RECORDS TO PROCESS:
+++

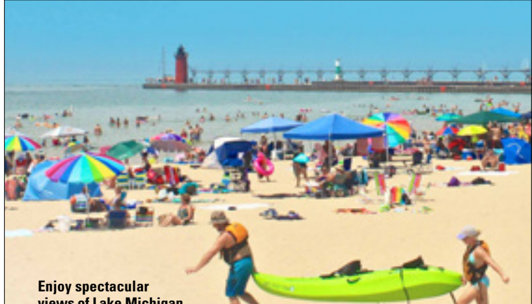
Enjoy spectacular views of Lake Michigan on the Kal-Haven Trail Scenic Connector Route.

+++

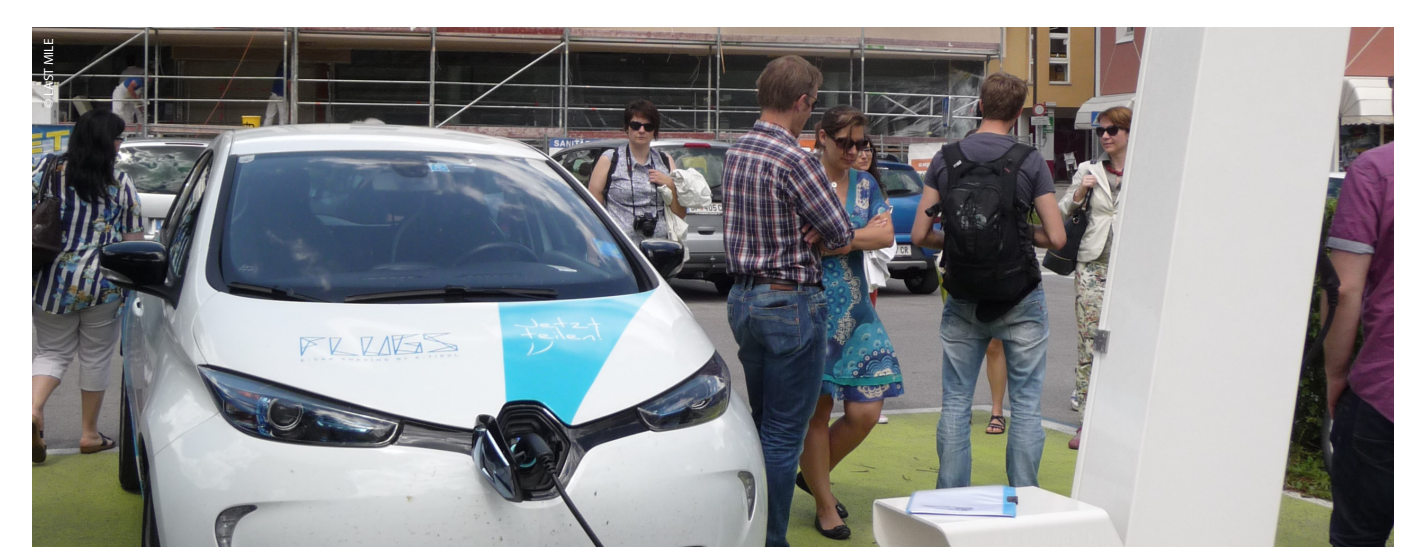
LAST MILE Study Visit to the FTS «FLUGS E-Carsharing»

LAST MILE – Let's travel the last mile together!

+++

REQUIRED WORK: Reproduce only the lines above spanning from the line containing "LAST MILE Study" through the line containing "LAST MILE –", word for word.

RESPONSE AREA:
LAST MILE Study Visit to the FTS «FLUGS E-Carsharing»

LAST MILE – Let's travel the last mile together!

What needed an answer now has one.